======== Collected data ========

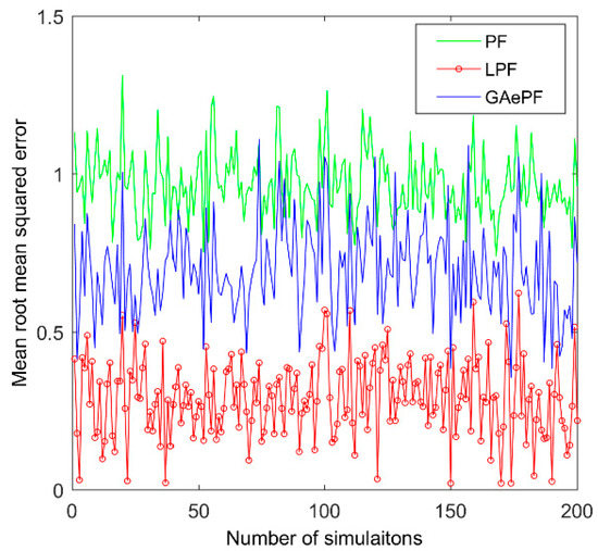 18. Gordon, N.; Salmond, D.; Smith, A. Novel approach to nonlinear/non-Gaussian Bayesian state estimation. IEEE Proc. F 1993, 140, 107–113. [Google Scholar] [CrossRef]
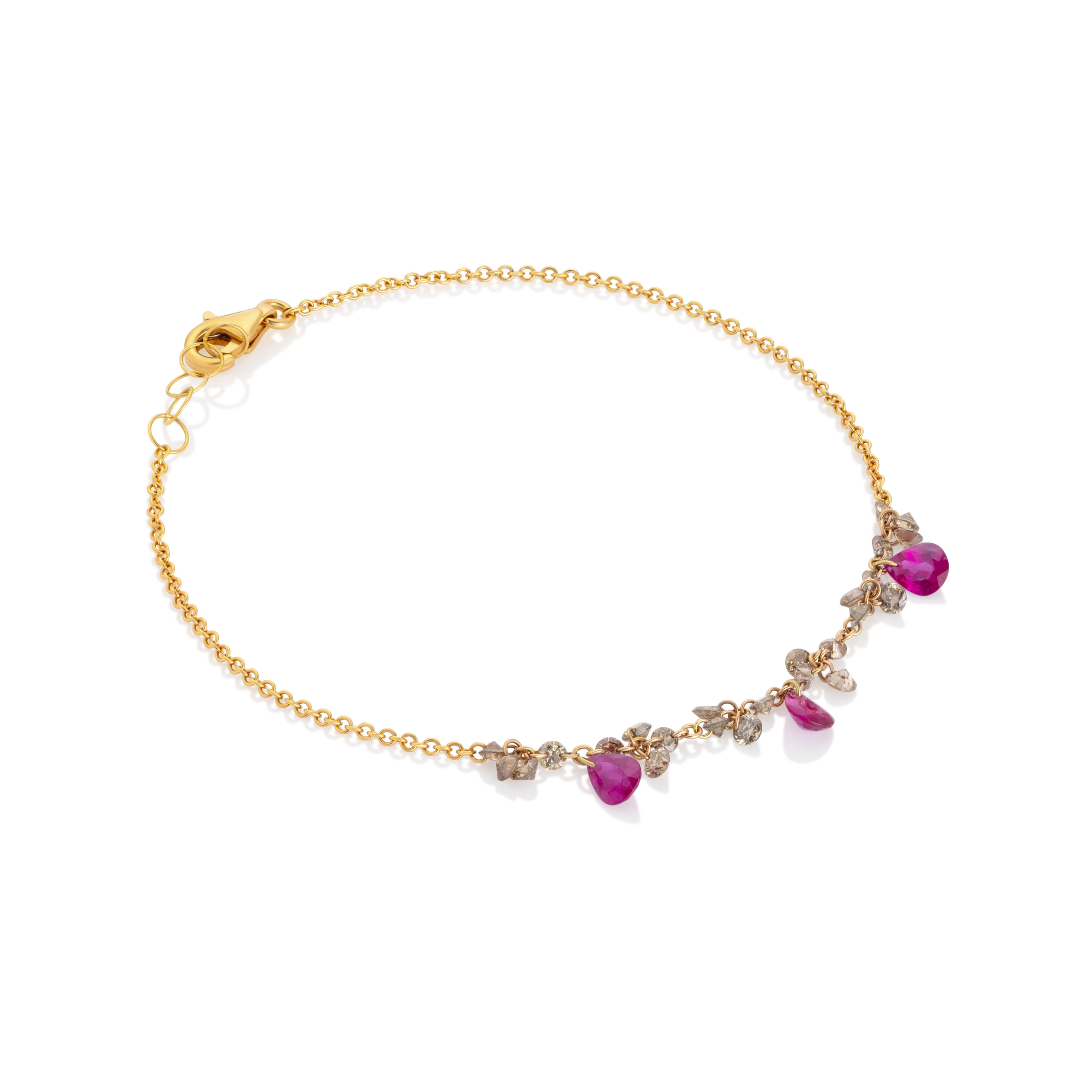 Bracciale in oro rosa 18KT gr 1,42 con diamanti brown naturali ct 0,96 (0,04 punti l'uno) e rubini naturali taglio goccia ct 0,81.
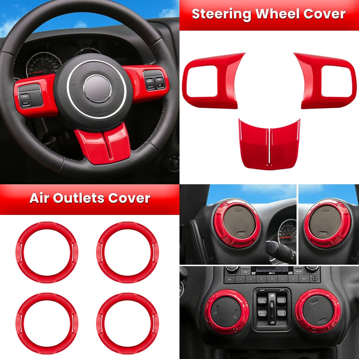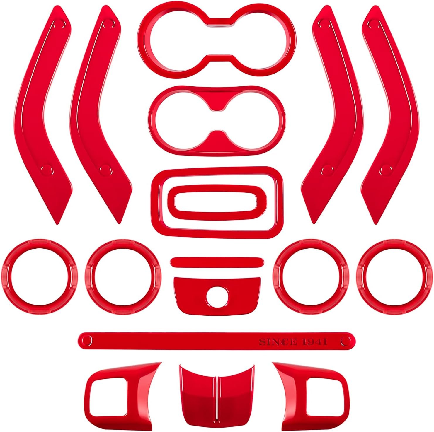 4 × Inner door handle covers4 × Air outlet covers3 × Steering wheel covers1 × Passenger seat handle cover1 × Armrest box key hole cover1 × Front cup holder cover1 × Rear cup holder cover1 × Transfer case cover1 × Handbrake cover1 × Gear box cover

========

▸ **What you will do**: Output all of the data above exactly; no pictures should appear.

▸ **Written response**:
 18. Gordon, N.; Salmond, D.; Smith, A. Novel approach to nonlinear/non-Gaussian Bayesian state estimation. IEEE Proc. F 1993, 140, 107–113. [Google Scholar] [CrossRef]
 Bracciale in oro rosa 18KT gr 1,42 con diamanti brown naturali ct 0,96 (0,04 punti l'uno) e rubini naturali taglio goccia ct 0,81.
 4 × Inner door handle covers4 × Air outlet covers3 × Steering wheel covers1 × Passenger seat handle cover1 × Armrest box key hole cover1 × Front cup holder cover1 × Rear cup holder cover1 × Transfer case cover1 × Handbrake cover1 × Gear box cover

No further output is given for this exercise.